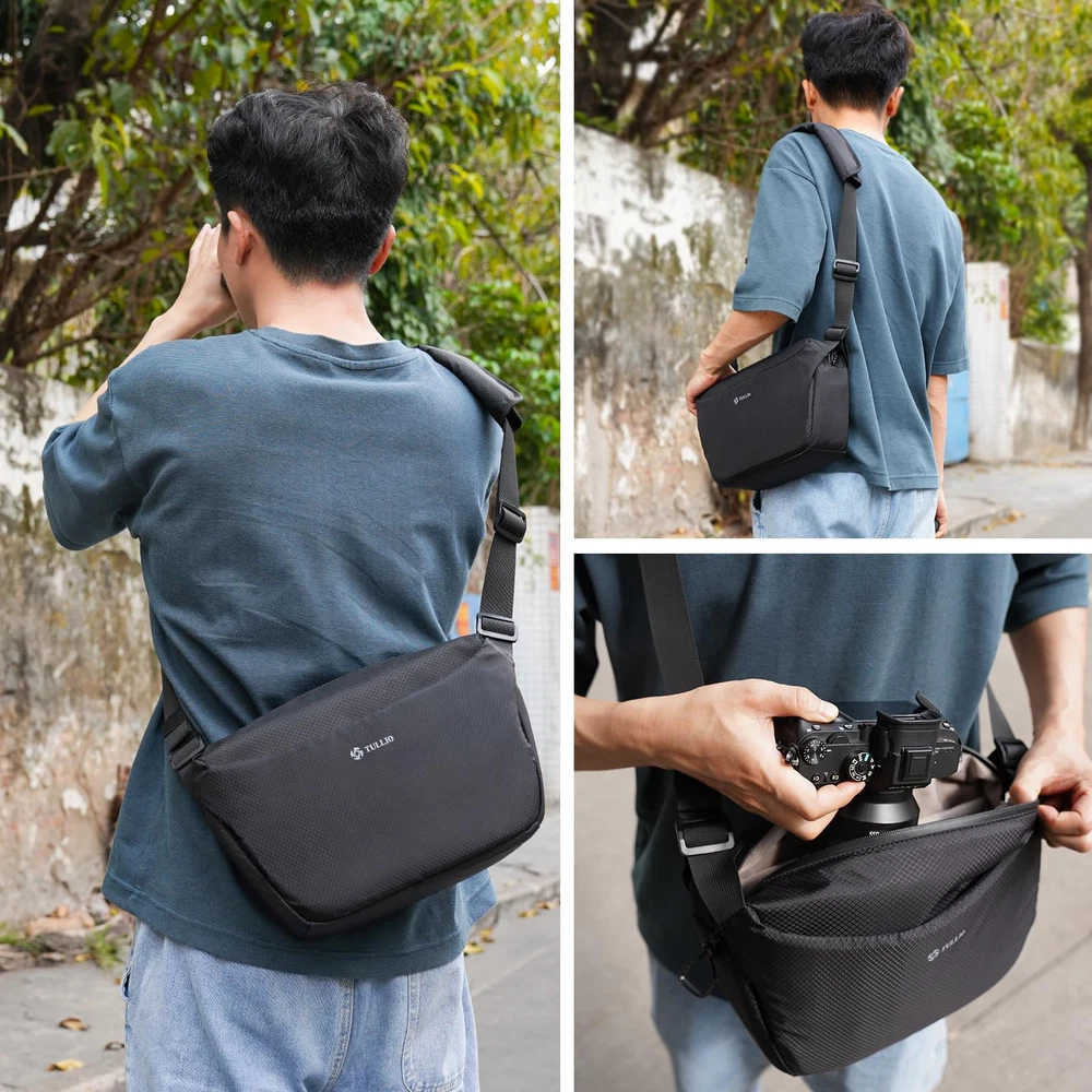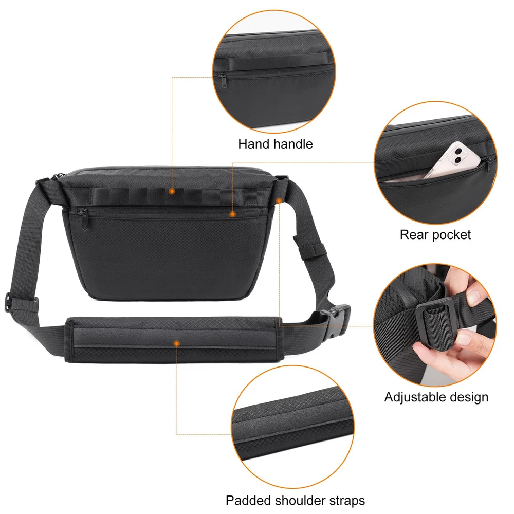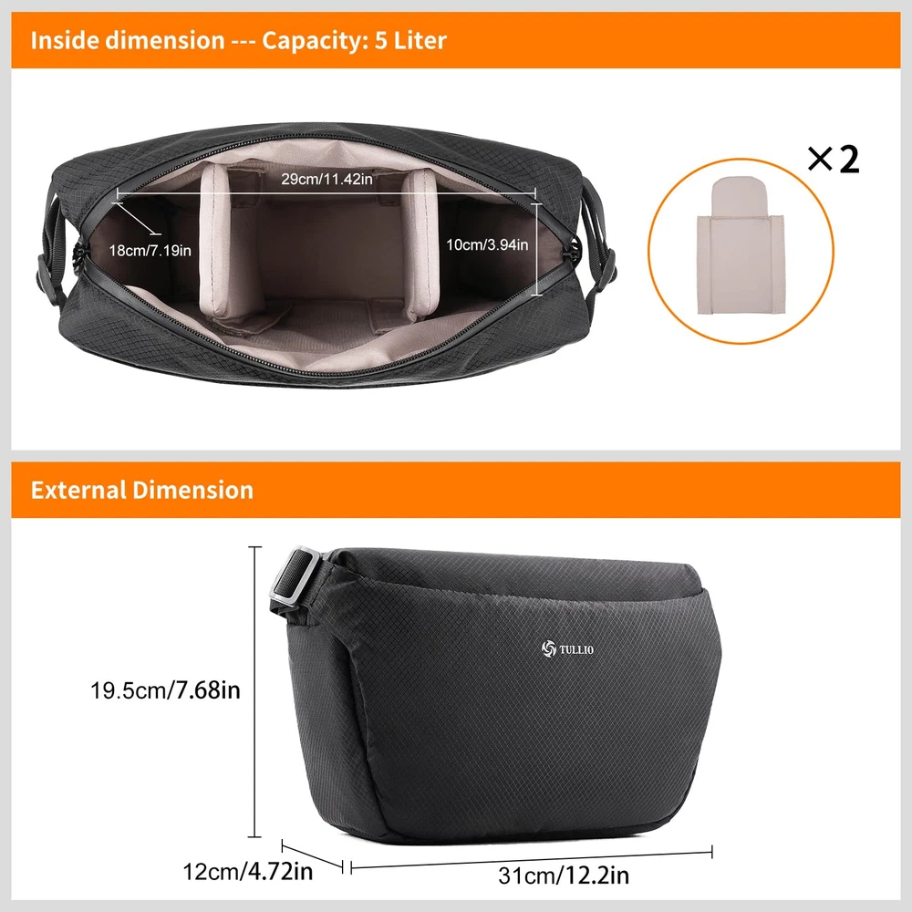 Compact and Convenient - This camera bag is small and compact but can fit an entry level DSLR/mirrorless camera and 2 lens, or 1 dslr camera with a lens and Dji drone. Dimensions:12.2"L x 4.72"W x 7.68"H. Very simple and stylish design and quick to access your camera by top zipper. Expandable Front - The 6 liters camera bag features an expandable front pocket which designed for small stabilizer or tripod. And an anti-theft zipper pocket on back for smart phone or your valuables. Waterproof and Lightweight - This camera shoulder bag made of waterproof fabric and waterproof zipper(mai zipper), it's very lightweight only 1 lb Padded and Ajustable Strap - Adjustable and padded shoulder strap with top handle to provide didfferent carrying way. It can be served as a camera sling bag, camera cross-body bag, camera shoulder bag for women and men. By removing inner dividers can easily convert it from a camera bag into an everyday sling bag. Idea gift for photography friends and fmalilies. Camera Protection - The 10mm soft foam layer surrounded can well protect your camera and accessories from accidental shock. We are dedicated to provide our customers with high quality products and superior service. 12 month manufacture warranty against any quality issue. Please feel free to contact us for any problem
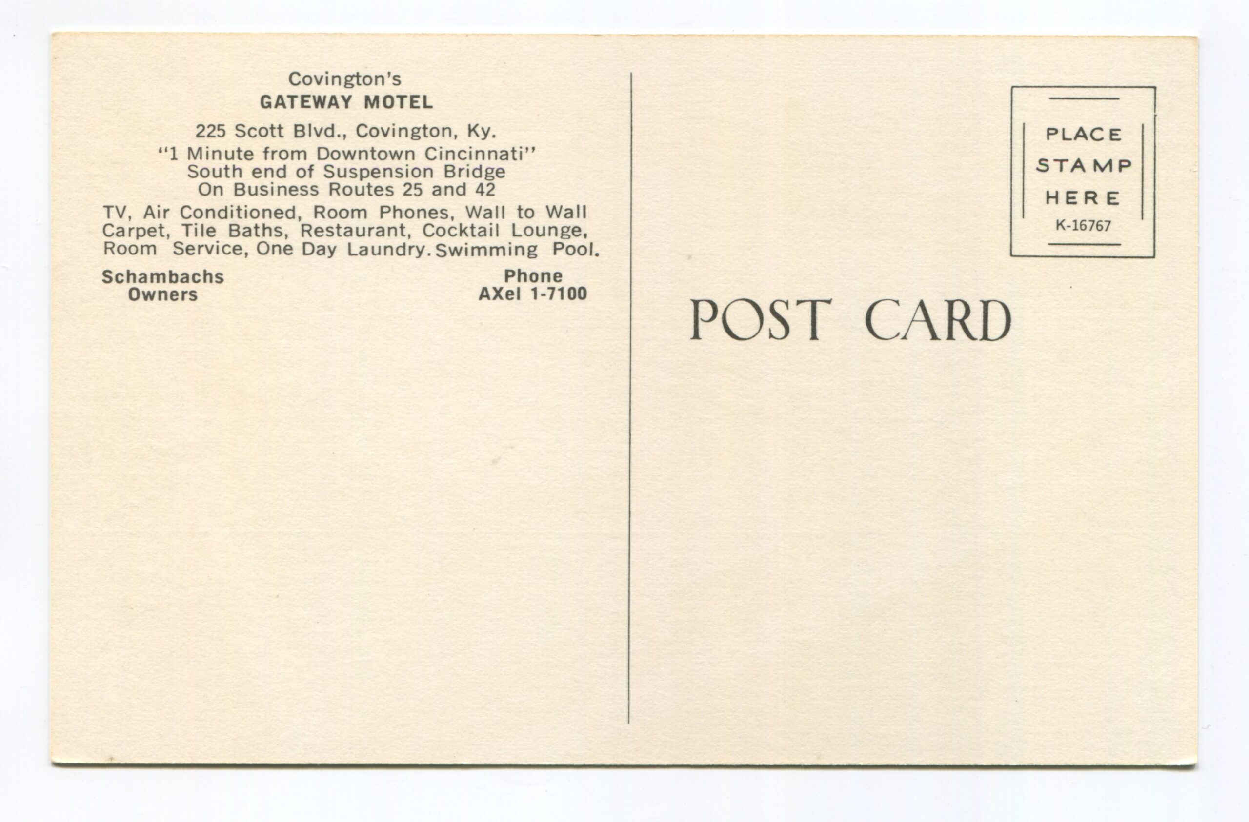 Covington’s Gateway Motel Covington Kentucky postcard
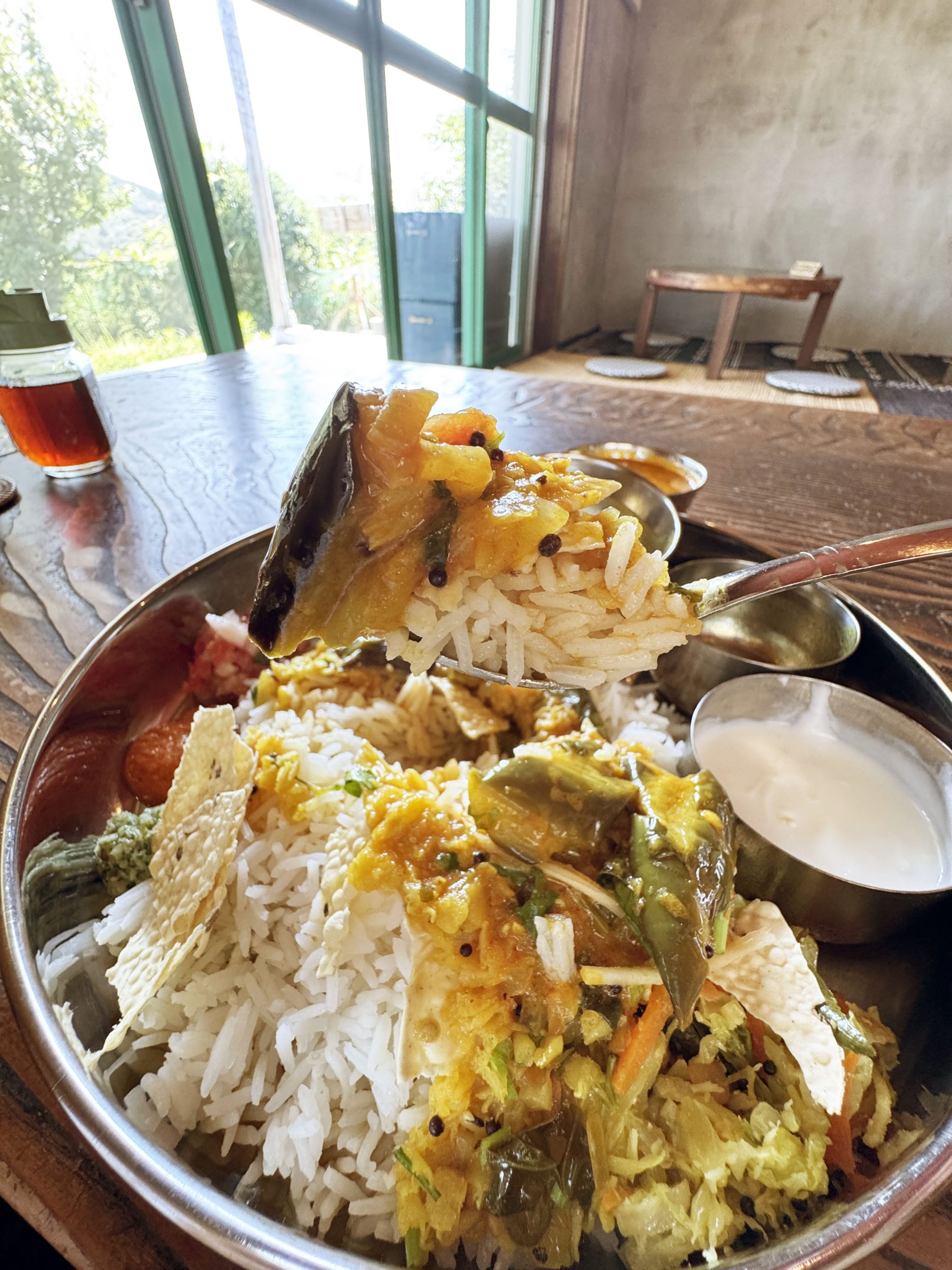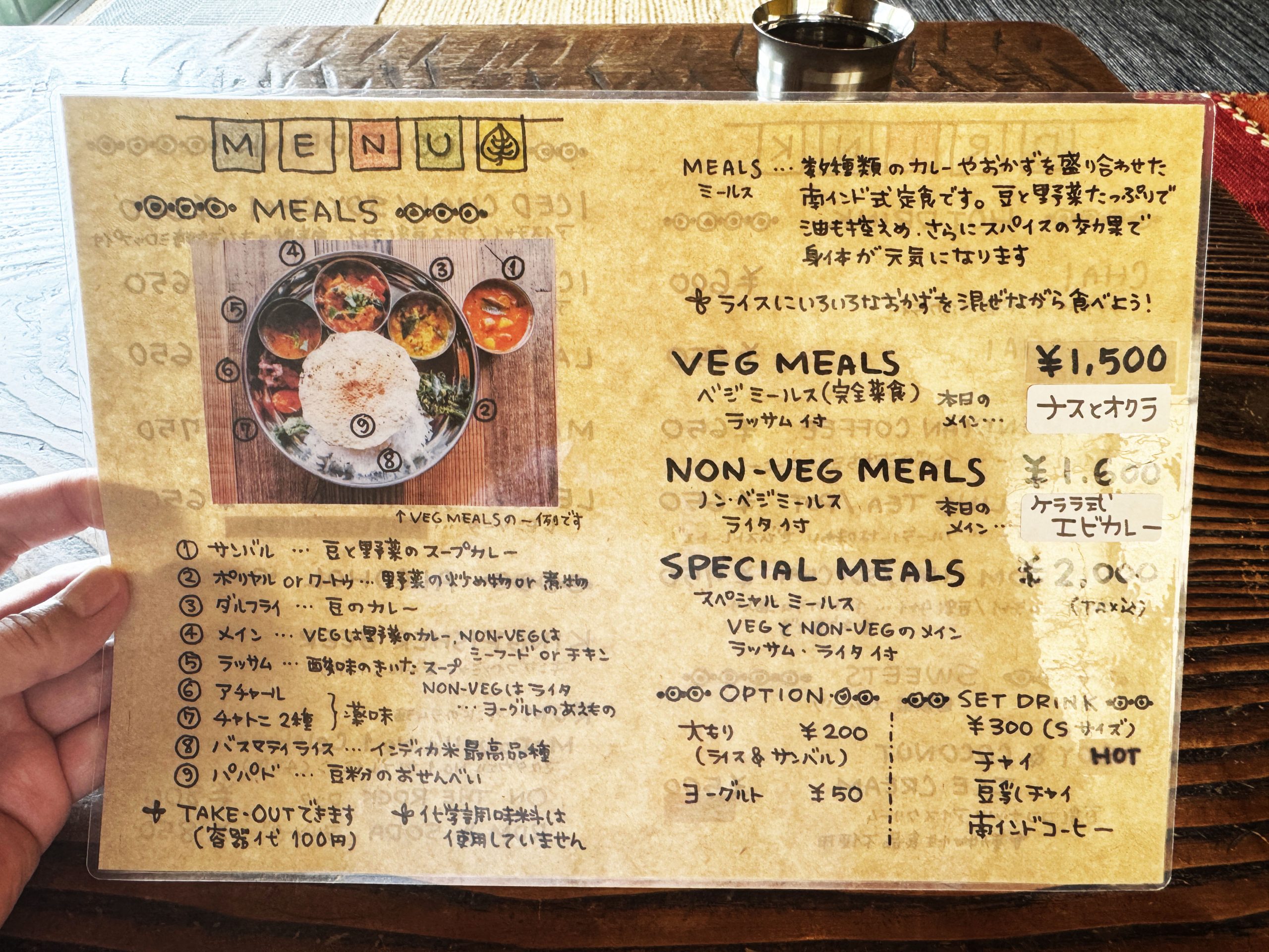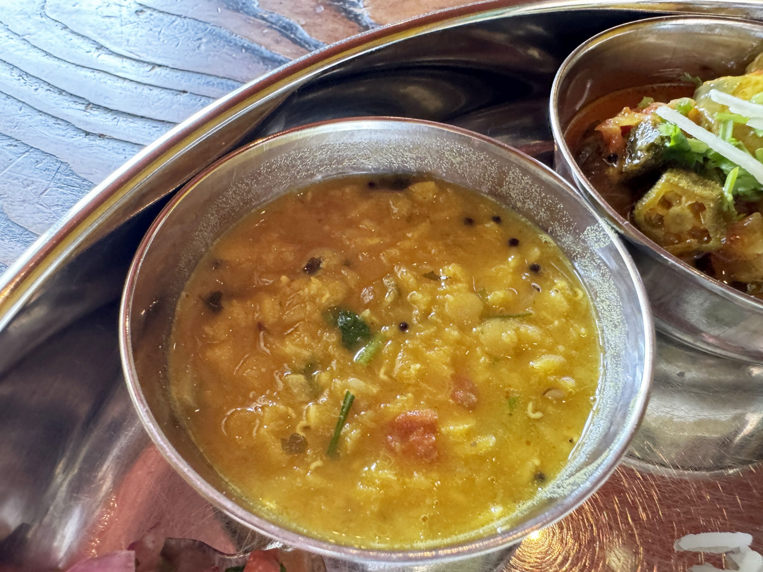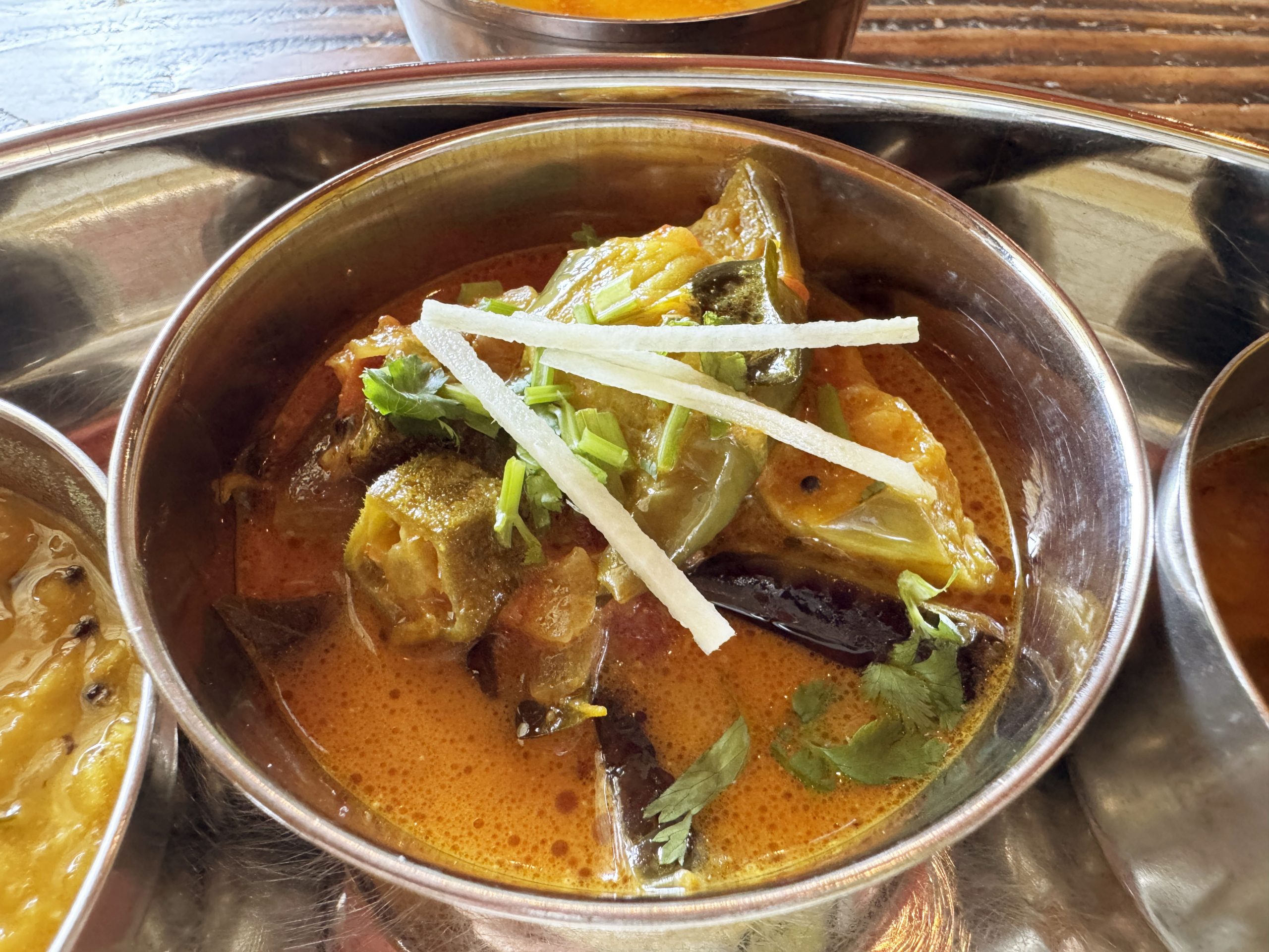 筆者はミールスをオーダー。さまざまなカレーや総菜がセットになったもの。サンバル、ラッサム、カレー、ポリヤル、ダルフライ、アチャール、チャトニ、バスマティライス、パパドがひとつの皿に盛られている。
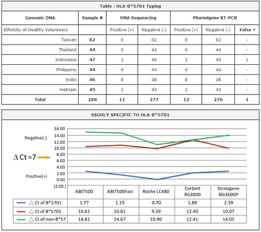 - Highly specific in differentiate B*5701 from B*5702, B*5703, B*5704.
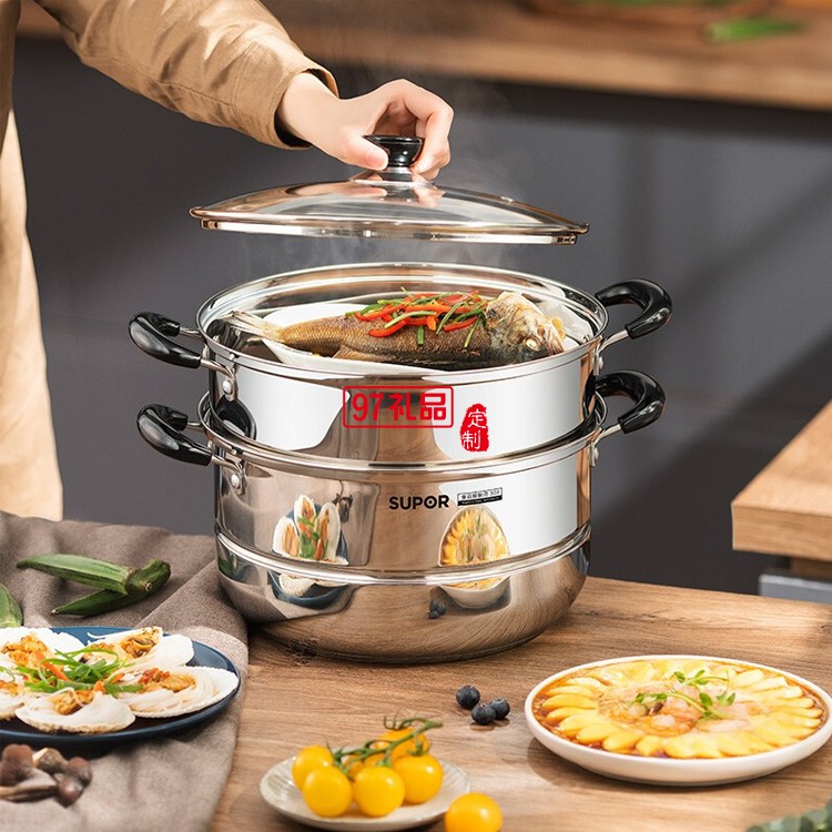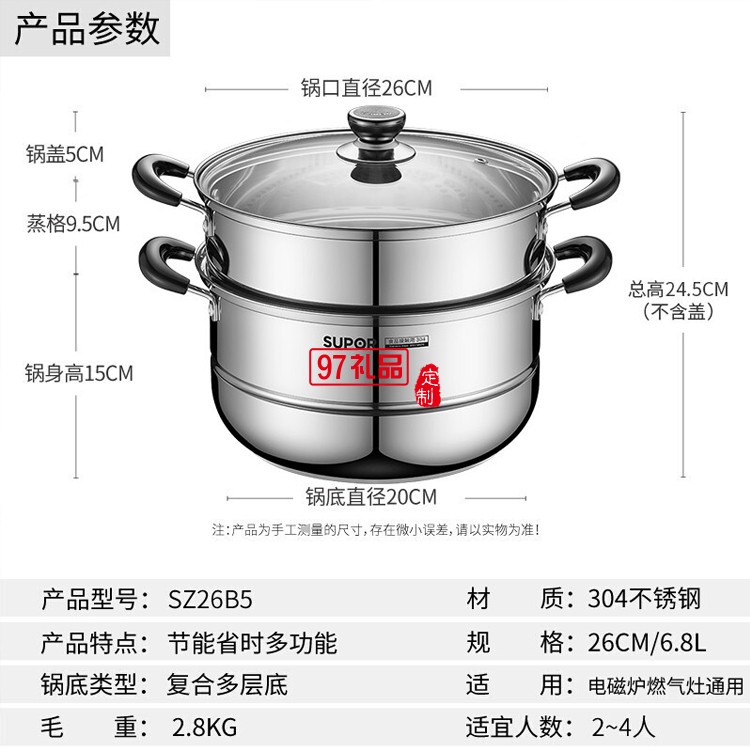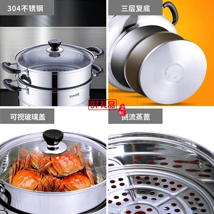 蘇泊爾304不銹鋼蒸鍋26cm雙層復底湯鍋SZ26B5定制公司廣告禮品

§ **DIRECTIONS FOR THIS TASK**
Return the data exactly. Do not carry over any images.

§ **ANSWER FOR THIS EXERCISE**
 Compact and Convenient - This camera bag is small and compact but can fit an entry level DSLR/mirrorless camera and 2 lens, or 1 dslr camera with a lens and Dji drone. Dimensions:12.2"L x 4.72"W x 7.68"H. Very simple and stylish design and quick to access your camera by top zipper. Expandable Front - The 6 liters camera bag features an expandable front pocket which designed for small stabilizer or tripod. And an anti-theft zipper pocket on back for smart phone or your valuables. Waterproof and Lightweight - This camera shoulder bag made of waterproof fabric and waterproof zipper(mai zipper), it's very lightweight only 1 lb Padded and Ajustable Strap - Adjustable and padded shoulder strap with top handle to provide didfferent carrying way. It can be served as a camera sling bag, camera cross-body bag, camera shoulder bag for women and men. By removing inner dividers can easily convert it from a camera bag into an everyday sling bag. Idea gift for photography friends and fmalilies. Camera Protection - The 10mm soft foam layer surrounded can well protect your camera and accessories from accidental shock. We are dedicated to provide our customers with high quality products and superior service. 12 month manufacture warranty against any quality issue. Please feel free to contact us for any problem
 Covington’s Gateway Motel Covington Kentucky postcard
 筆者はミールスをオーダー。さまざまなカレーや総菜がセットになったもの。サンバル、ラッサム、カレー、ポリヤル、ダルフライ、アチャール、チャトニ、バスマティライス、パパドがひとつの皿に盛られている。
 - Highly specific in differentiate B*5701 from B*5702, B*5703, B*5704.
 蘇泊爾304不銹鋼蒸鍋26cm雙層復底湯鍋SZ26B5定制公司廣告禮品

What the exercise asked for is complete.